_Problem statement_: Each line that contains the word "lounge" counts once; give the total for the records below and nothing else.

_Data provided_:
━━━━━━━━━━━━━━━━━━━━━━━━━━━━━━

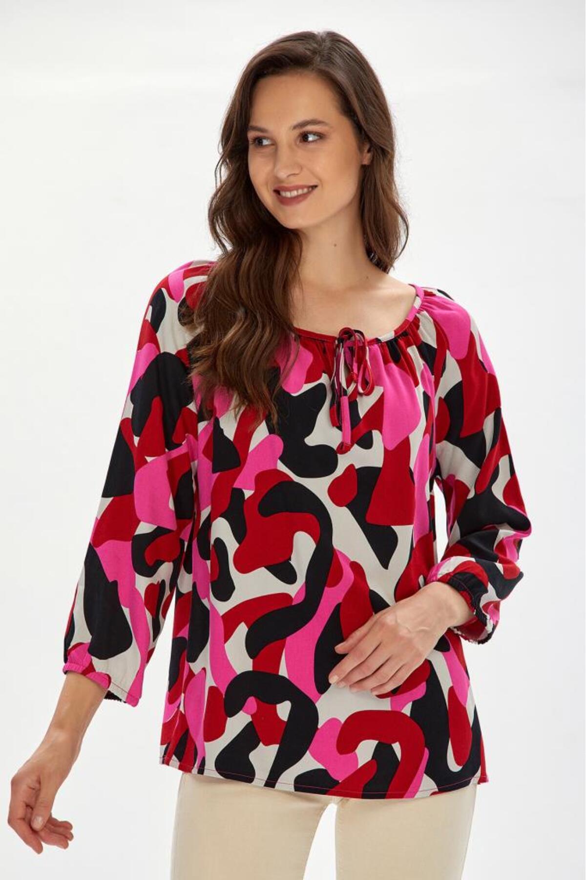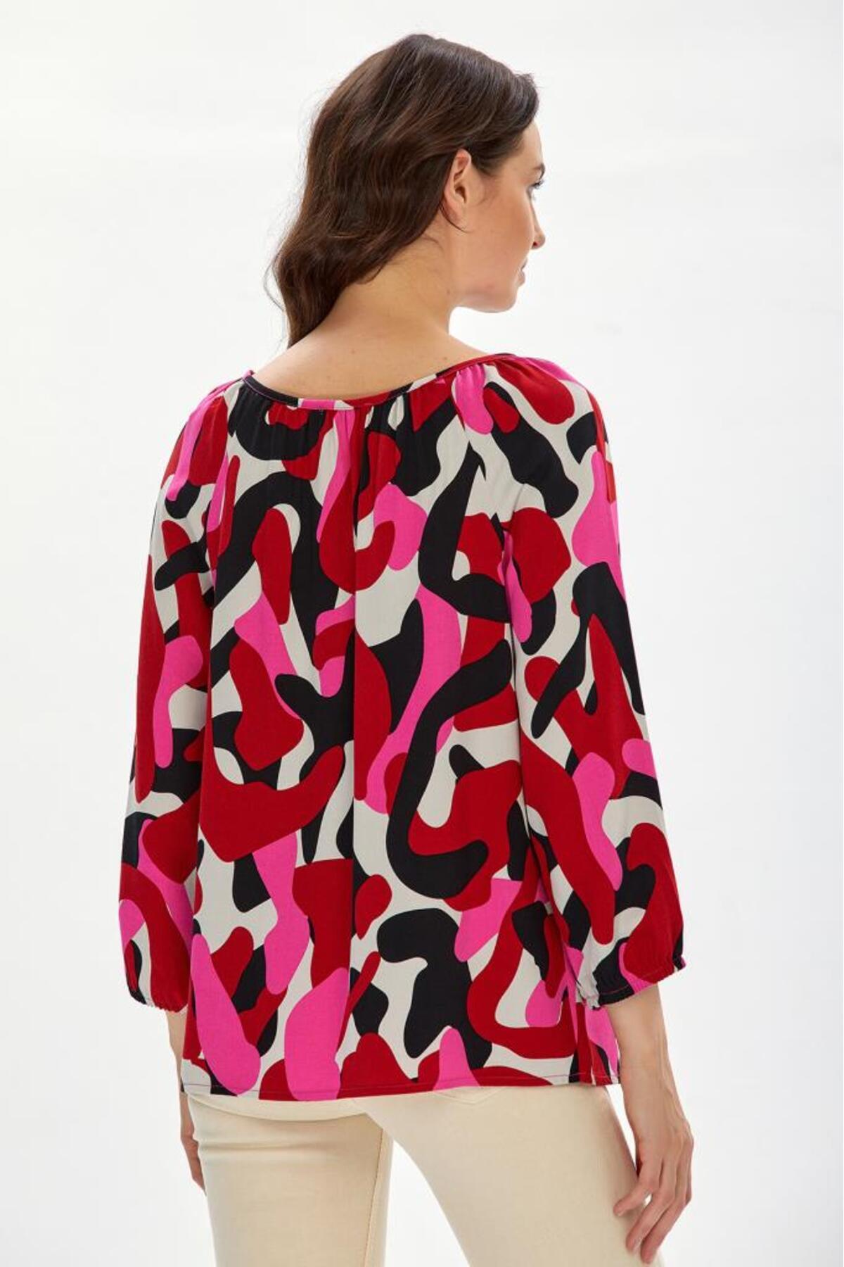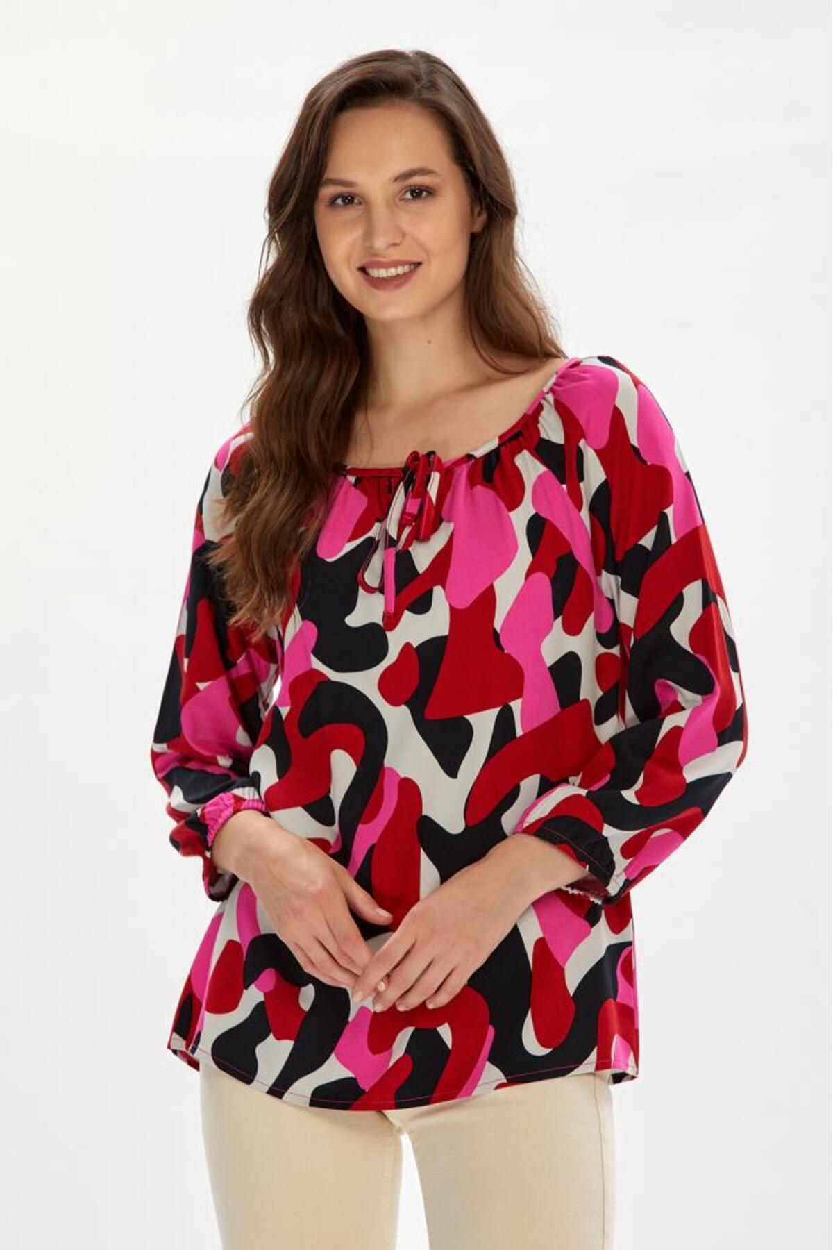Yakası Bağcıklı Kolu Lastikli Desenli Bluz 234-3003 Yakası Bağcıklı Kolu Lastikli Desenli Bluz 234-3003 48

━━━━━━━━━━━━━━━━━━━━━━━━━━━━━━

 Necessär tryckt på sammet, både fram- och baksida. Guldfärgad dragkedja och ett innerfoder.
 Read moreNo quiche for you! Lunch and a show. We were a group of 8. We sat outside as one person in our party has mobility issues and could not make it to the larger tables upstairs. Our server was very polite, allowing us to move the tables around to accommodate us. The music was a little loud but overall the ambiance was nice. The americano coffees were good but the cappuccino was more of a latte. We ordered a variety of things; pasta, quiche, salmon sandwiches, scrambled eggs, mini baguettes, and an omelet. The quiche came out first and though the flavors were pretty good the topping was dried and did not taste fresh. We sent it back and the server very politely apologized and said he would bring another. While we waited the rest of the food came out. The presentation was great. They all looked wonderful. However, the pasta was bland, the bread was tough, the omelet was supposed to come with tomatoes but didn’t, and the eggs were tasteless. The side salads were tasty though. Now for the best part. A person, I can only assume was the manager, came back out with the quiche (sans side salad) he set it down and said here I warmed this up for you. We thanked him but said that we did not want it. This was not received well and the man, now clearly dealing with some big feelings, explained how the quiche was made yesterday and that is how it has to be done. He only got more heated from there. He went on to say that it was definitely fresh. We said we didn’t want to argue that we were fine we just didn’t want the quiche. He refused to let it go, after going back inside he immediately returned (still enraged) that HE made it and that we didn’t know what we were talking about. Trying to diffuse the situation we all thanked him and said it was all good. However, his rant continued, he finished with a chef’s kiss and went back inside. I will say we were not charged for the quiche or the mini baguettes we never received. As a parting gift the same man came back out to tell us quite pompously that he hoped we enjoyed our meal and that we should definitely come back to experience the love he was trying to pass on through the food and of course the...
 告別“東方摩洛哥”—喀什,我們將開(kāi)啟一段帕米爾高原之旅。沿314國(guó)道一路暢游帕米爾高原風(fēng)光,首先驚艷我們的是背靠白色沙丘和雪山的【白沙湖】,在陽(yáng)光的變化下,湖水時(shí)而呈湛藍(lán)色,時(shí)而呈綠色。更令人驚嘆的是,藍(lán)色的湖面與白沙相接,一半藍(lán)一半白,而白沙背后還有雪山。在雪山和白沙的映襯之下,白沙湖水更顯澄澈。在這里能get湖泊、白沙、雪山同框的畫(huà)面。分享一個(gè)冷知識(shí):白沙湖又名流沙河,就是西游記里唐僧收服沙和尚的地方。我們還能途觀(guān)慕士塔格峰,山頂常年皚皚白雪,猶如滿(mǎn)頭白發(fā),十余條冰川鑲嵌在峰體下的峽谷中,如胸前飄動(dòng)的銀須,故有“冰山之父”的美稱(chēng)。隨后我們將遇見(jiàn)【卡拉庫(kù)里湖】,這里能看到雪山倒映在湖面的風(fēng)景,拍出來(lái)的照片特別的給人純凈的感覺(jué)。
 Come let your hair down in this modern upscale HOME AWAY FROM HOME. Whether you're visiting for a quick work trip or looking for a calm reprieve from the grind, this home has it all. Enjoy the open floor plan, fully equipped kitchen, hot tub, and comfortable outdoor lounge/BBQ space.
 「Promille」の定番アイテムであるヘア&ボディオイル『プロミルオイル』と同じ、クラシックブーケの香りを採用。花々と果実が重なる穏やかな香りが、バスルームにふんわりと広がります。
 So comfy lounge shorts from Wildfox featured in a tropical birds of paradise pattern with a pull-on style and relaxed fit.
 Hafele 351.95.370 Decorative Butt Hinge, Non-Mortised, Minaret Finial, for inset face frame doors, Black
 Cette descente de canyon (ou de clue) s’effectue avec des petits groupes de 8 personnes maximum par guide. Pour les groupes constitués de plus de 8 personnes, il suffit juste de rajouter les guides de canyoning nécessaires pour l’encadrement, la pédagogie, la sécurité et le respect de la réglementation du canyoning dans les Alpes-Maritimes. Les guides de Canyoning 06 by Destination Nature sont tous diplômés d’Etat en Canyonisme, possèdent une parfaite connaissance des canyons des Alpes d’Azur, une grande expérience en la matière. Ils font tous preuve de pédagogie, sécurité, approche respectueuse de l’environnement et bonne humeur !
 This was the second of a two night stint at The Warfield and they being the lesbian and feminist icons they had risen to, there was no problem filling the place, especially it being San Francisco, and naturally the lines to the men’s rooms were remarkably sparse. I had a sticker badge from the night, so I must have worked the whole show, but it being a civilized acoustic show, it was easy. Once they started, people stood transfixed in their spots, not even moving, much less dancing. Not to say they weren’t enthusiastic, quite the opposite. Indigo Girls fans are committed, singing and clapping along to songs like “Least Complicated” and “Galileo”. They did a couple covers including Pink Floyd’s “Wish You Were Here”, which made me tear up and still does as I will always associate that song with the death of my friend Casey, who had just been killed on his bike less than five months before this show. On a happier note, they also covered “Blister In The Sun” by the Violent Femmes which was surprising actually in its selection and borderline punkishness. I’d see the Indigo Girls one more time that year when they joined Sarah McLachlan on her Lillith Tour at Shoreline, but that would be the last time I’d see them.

━━━━━━━━━━━━━━━━━━━━━━━━━━━━━━

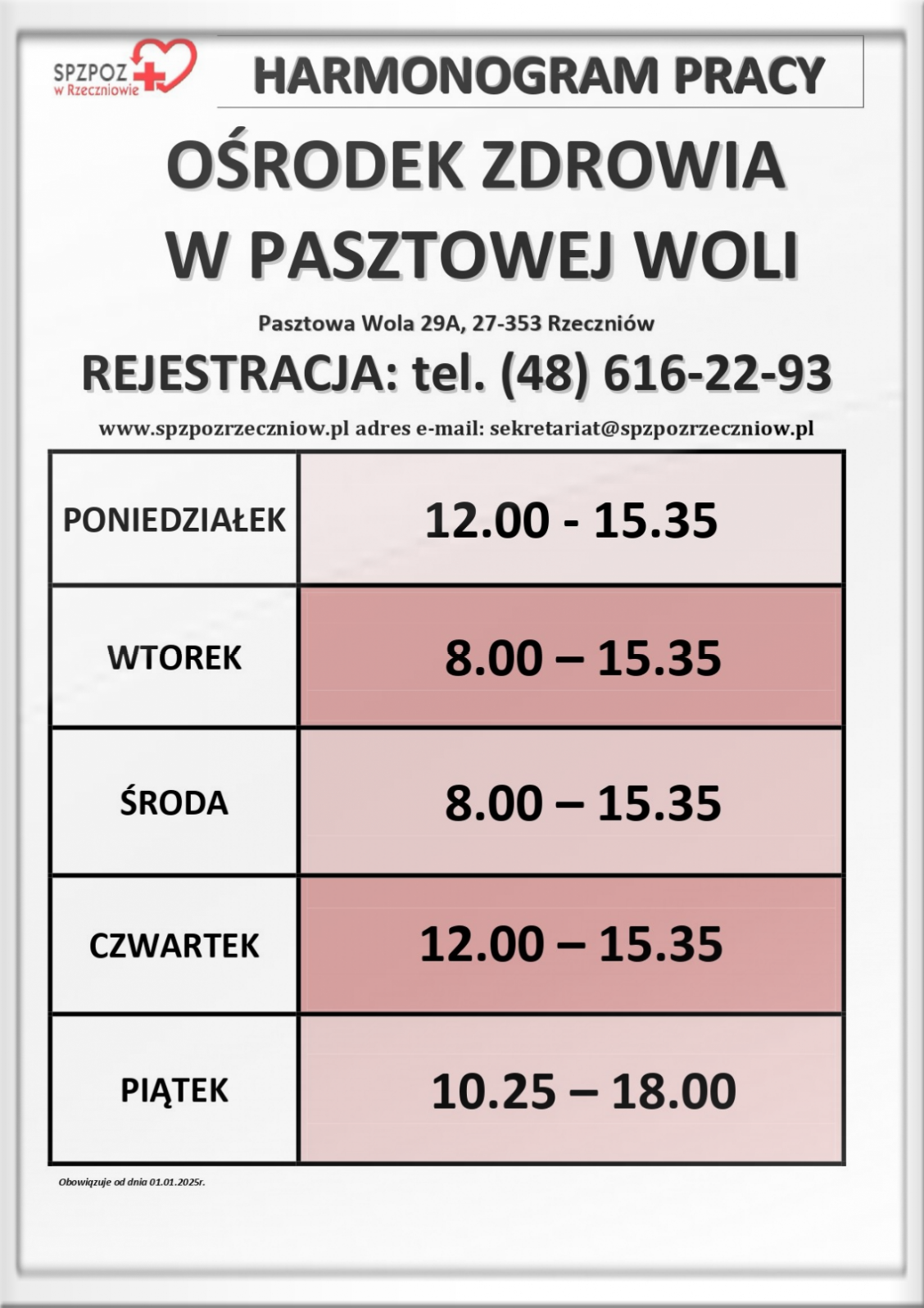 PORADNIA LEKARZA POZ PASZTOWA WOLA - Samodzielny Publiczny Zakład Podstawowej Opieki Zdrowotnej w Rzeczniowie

━━━━━━━━━━━━━━━━━━━━━━━━━━━━━━

_Solved problem_: 2